● **WORK TO COMPLETE**: Take the data below and write it out exactly, except for the pictures.

───── DATA SEGMENT ─────

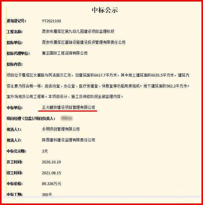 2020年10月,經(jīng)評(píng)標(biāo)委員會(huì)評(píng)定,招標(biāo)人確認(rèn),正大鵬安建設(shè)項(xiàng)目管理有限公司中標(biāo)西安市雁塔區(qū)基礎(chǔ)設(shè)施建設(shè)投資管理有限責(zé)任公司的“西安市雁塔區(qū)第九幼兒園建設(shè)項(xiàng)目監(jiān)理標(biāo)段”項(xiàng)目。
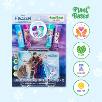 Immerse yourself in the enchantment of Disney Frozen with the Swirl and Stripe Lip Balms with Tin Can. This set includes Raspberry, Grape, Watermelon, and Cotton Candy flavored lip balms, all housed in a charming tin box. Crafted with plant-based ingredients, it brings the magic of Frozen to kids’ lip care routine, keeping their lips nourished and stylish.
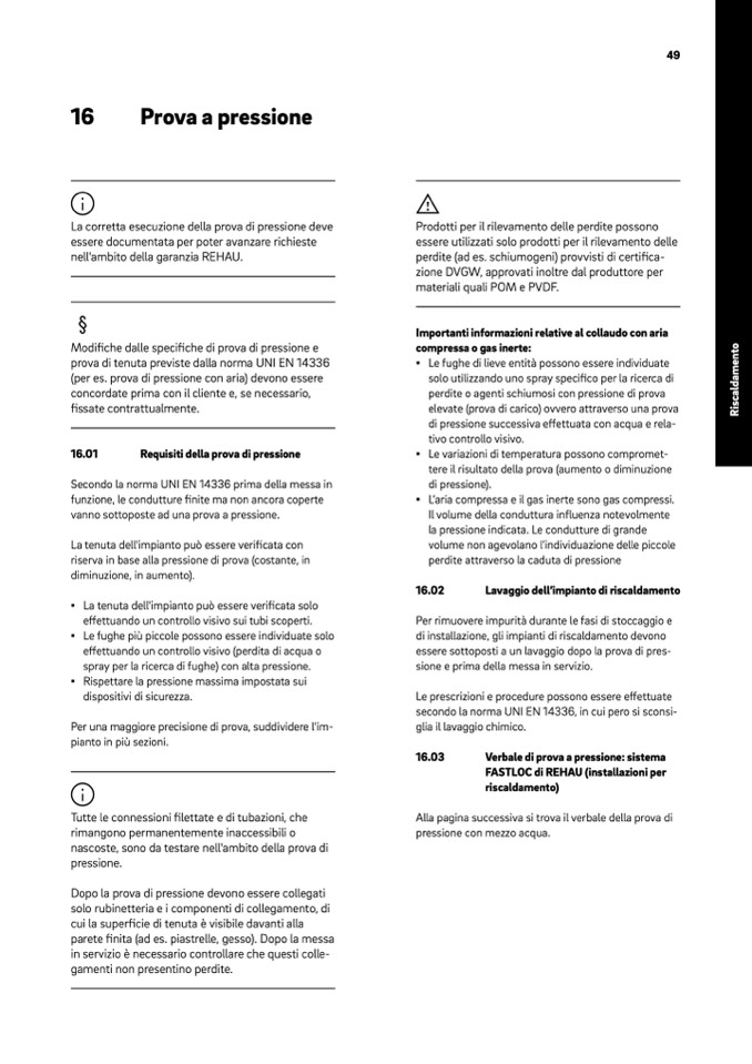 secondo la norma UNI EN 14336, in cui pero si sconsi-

─────

● **COMPLETED EXERCISE**:
 2020年10月,經(jīng)評(píng)標(biāo)委員會(huì)評(píng)定,招標(biāo)人確認(rèn),正大鵬安建設(shè)項(xiàng)目管理有限公司中標(biāo)西安市雁塔區(qū)基礎(chǔ)設(shè)施建設(shè)投資管理有限責(zé)任公司的“西安市雁塔區(qū)第九幼兒園建設(shè)項(xiàng)目監(jiān)理標(biāo)段”項(xiàng)目。
 Immerse yourself in the enchantment of Disney Frozen with the Swirl and Stripe Lip Balms with Tin Can. This set includes Raspberry, Grape, Watermelon, and Cotton Candy flavored lip balms, all housed in a charming tin box. Crafted with plant-based ingredients, it brings the magic of Frozen to kids’ lip care routine, keeping their lips nourished and stylish.
 secondo la norma UNI EN 14336, in cui pero si sconsi-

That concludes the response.